Reading the javadoc of BufferStrategy regarding blitting, and reading the source of Component.BltBufferStrategy, I can't help being a bit puzzled:

Why would one want the buffers (assuming more than 2) "copied, or blitted forward in a chain"? This obviously requires as many copy-actions as there are buffers on every .show() invocation.

Wouldn't it be better to, in effect, keep two integers: one which points to the "show buffer" and one that points to the "draw buffer"? Upon .show(), the current draw one becomes the show, and one picks a new available draw. Of course, one just keeps one integer, and the current draw is always the one directly behind the current show.

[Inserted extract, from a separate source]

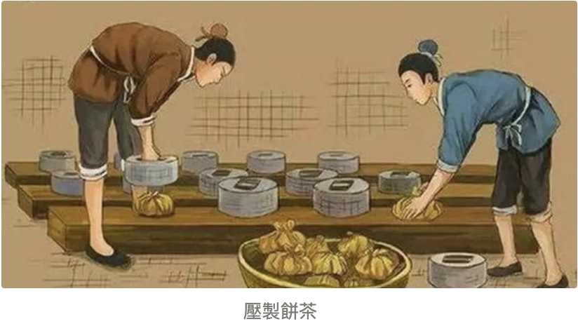 壓制餅茶 - 方便存放與運輸然而,乾茶易碎、體積較大、並且難以運輸,為了解決這個難點,人們開始嘗試將茶葉壓製成餅茶。三國《廣雅》記載:「巴間採茶作餅,葉老者餅成以米膏出之」,即巴國[1]將採摘的茶葉與米膏[2]混合後壓製成茶餅,既增加了粘合性,又方便存放和運輸。
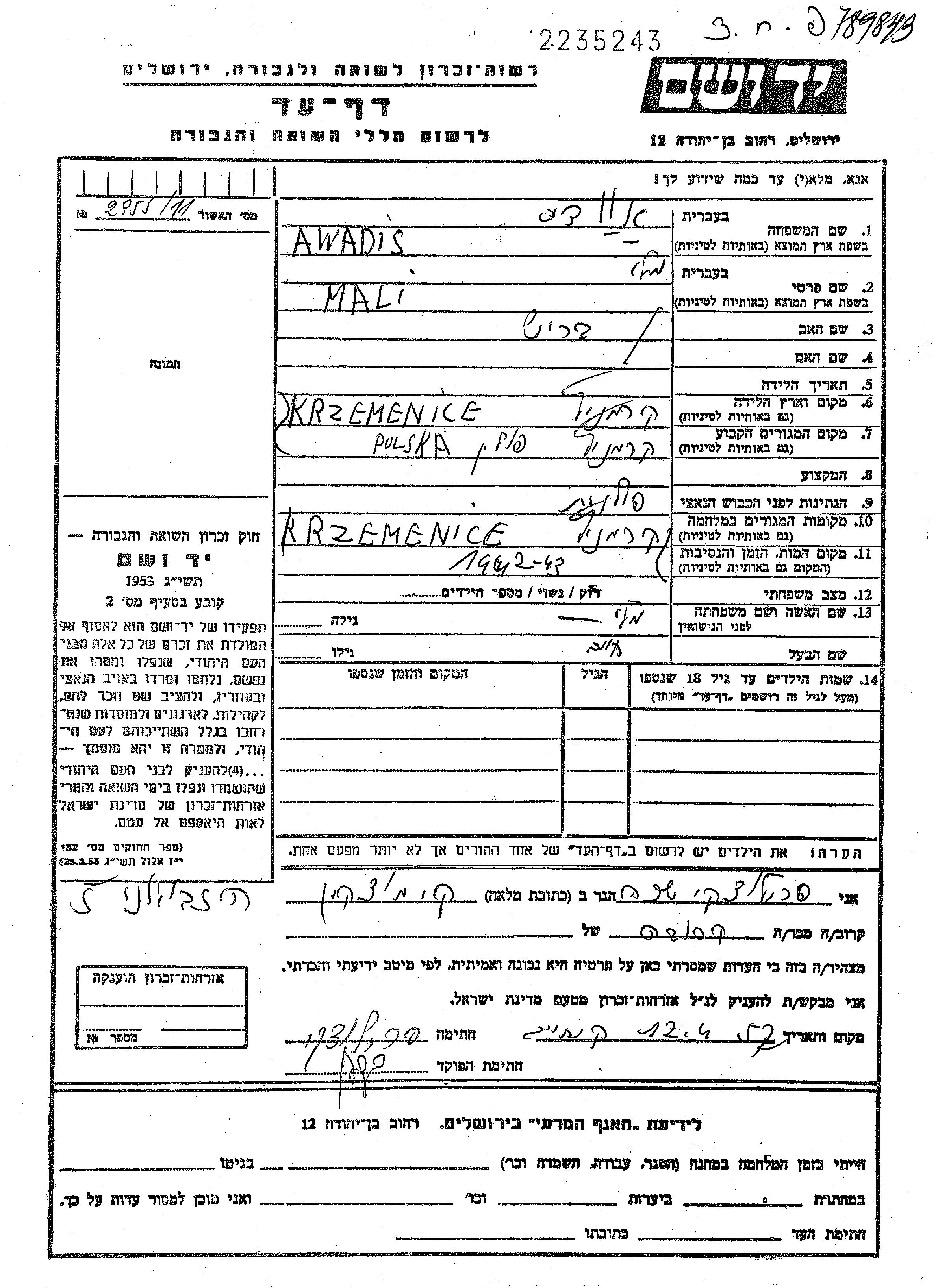 Mali Awadis wurde in Krzemieniec, Polen geboren. Sie war die Tochter von Berish. Sie war mit Chaim Verheiratet. Vor dem Zweiten Weltkrieg lebte sie in Krzemieniec, Polen. Während des Krieges war sie in Krzemieniec, Polen.

However, unless there are some internal magic involved with the BltBufferStrategy, it seems meaningless to have more than one backbuffer at any rate. This is because the drawing of the backbuffer into the frontbuffer seems to be synchronous, and hence as show() returns, one could just start drawing into the same backbuffer again. I can't seem to being able to construct a reason for having more than one backbuffer unless it is because one then can have one buffer that is being shown, one (or possibly several) that are ready to be shown at next retrace, and one that is being drawn into. So, if there is no asyncronousness, which typically would be waiting for the retrace (vsync) before flipping or blitting, there should be no need for more than one backbuffer?

(As an aside, I think BltBufferStrategy should rather have been called CopyBufferStrategy, but I guess that's somewhat subjective.)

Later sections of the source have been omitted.